• [SOURCE MATERIAL]
*** Begin section ***

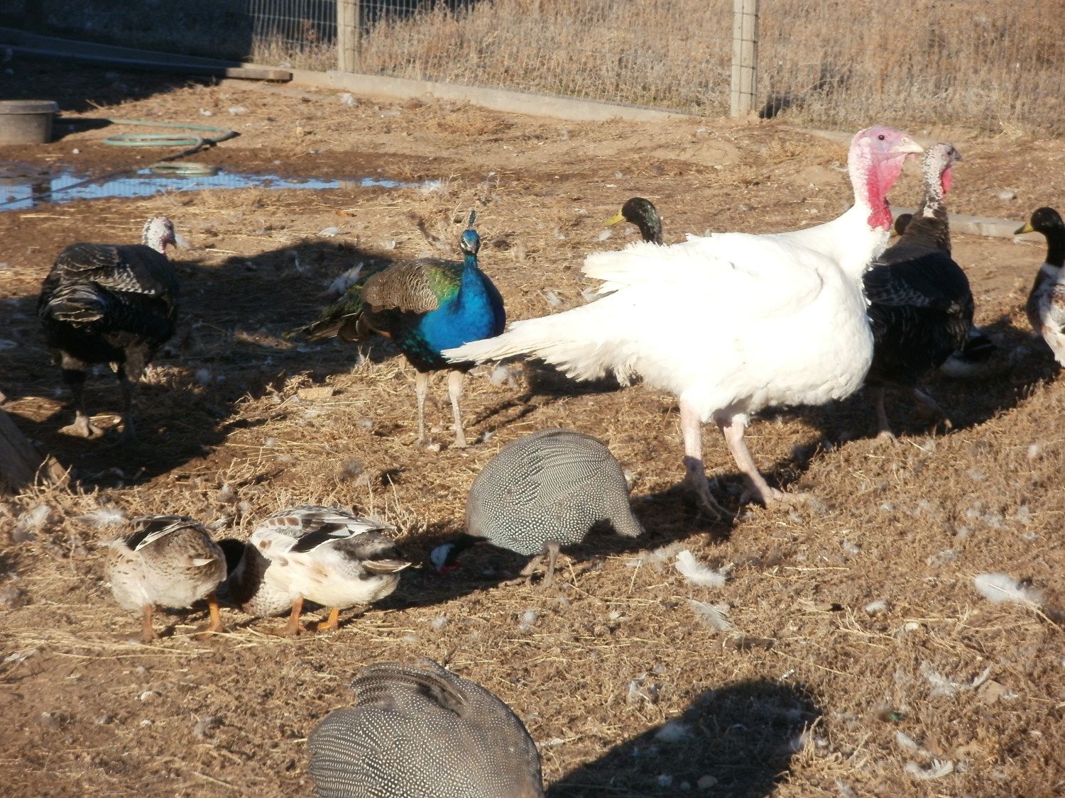 Very nice flock! You should get some peachicks this upcoming breeding season since your boys have eye feathers. In the lat picture, that white tom makes your peacock look tiny! That is a huge tom!
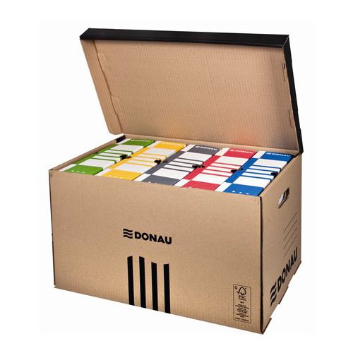 Archívna krabica z trojvrstvovej lepenky gramáže 450 g s certifikátom FSC® (drevo na jej výrobu pochádza z lesov, obhospodarovaných udržateľným spôsobom), bez obsahu kyseliny (pH 7,5). Vhodná na ukladanie a archiváciu archivačných boxov. Rýchlo a ľahko zložiteľná. Bočné otvory na prenášanie, predtlač na popis na bokoch. Dodávaná rozložená. Väčšie balenie 5 ks. Rozmery: 560 × 370 × 315 mm. Kapacita: 6 archívnych boxov so šírkou chrbta 8 cm, 5 archívnych boxov so šírkou chrbta 10 cm, 4 archívne boxy so šírkou chrbta 12 cm, 2 archívne boxy so šírkou chrbta 15,5 cm + 1 archívny box so šírkou chrbta 20 cm alebo 2 archívne boxy so šírkou chrbta 20 cm + 1 archívny box so šírkou chrbta 10 cm.
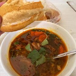 Etwas später als ich unten saß wurde ich von zwei Schülern aus dem Homestay zum Abendessen mitgenommen. Sie teilten mir mit, dass Sarah Angst hatte ich würde mich langweilen. Was echt lieb war aber nicht zutraf. Ich freute mich aber dennoch über die Begleitung und jemand Einheimischen um sich zu haben war immer klasse. Sie bestellten für mich Bun Bõ Hue. Eine Suppe mit Gemüse und Rindfleisch. Über das Essen konnte man sich definitiv nicht beschweren, es war einfach gut! Akzeptieren, dass ich wieder eingeladen wurde, musste ich dann noch. Fiel mir wie immer nicht leicht. Dafür lud ich dann später Aidyn ein. Wir gingen gemeinsam in ein Kaffee. Er kommt wie Sophie aus Kirgisistan und ist schon seit einer Weile in Vietnam. Er hat an unterschiedlichen Orten in HCMC gewohnt aber hier gefällt es ihm bis jetzt am besten, was ich sehr gut nachvollziehen konnte. Alle waren sehr freundlich und umgänglich.

*** End section ***

• [WORK ITEM]
Reproduce the material above in full, images excluded.

• [EXERCISE SOLUTION]
 Very nice flock! You should get some peachicks this upcoming breeding season since your boys have eye feathers. In the lat picture, that white tom makes your peacock look tiny! That is a huge tom!
 Archívna krabica z trojvrstvovej lepenky gramáže 450 g s certifikátom FSC® (drevo na jej výrobu pochádza z lesov, obhospodarovaných udržateľným spôsobom), bez obsahu kyseliny (pH 7,5). Vhodná na ukladanie a archiváciu archivačných boxov. Rýchlo a ľahko zložiteľná. Bočné otvory na prenášanie, predtlač na popis na bokoch. Dodávaná rozložená. Väčšie balenie 5 ks. Rozmery: 560 × 370 × 315 mm. Kapacita: 6 archívnych boxov so šírkou chrbta 8 cm, 5 archívnych boxov so šírkou chrbta 10 cm, 4 archívne boxy so šírkou chrbta 12 cm, 2 archívne boxy so šírkou chrbta 15,5 cm + 1 archívny box so šírkou chrbta 20 cm alebo 2 archívne boxy so šírkou chrbta 20 cm + 1 archívny box so šírkou chrbta 10 cm.
 Etwas später als ich unten saß wurde ich von zwei Schülern aus dem Homestay zum Abendessen mitgenommen. Sie teilten mir mit, dass Sarah Angst hatte ich würde mich langweilen. Was echt lieb war aber nicht zutraf. Ich freute mich aber dennoch über die Begleitung und jemand Einheimischen um sich zu haben war immer klasse. Sie bestellten für mich Bun Bõ Hue. Eine Suppe mit Gemüse und Rindfleisch. Über das Essen konnte man sich definitiv nicht beschweren, es war einfach gut! Akzeptieren, dass ich wieder eingeladen wurde, musste ich dann noch. Fiel mir wie immer nicht leicht. Dafür lud ich dann später Aidyn ein. Wir gingen gemeinsam in ein Kaffee. Er kommt wie Sophie aus Kirgisistan und ist schon seit einer Weile in Vietnam. Er hat an unterschiedlichen Orten in HCMC gewohnt aber hier gefällt es ihm bis jetzt am besten, was ich sehr gut nachvollziehen konnte. Alle waren sehr freundlich und umgänglich.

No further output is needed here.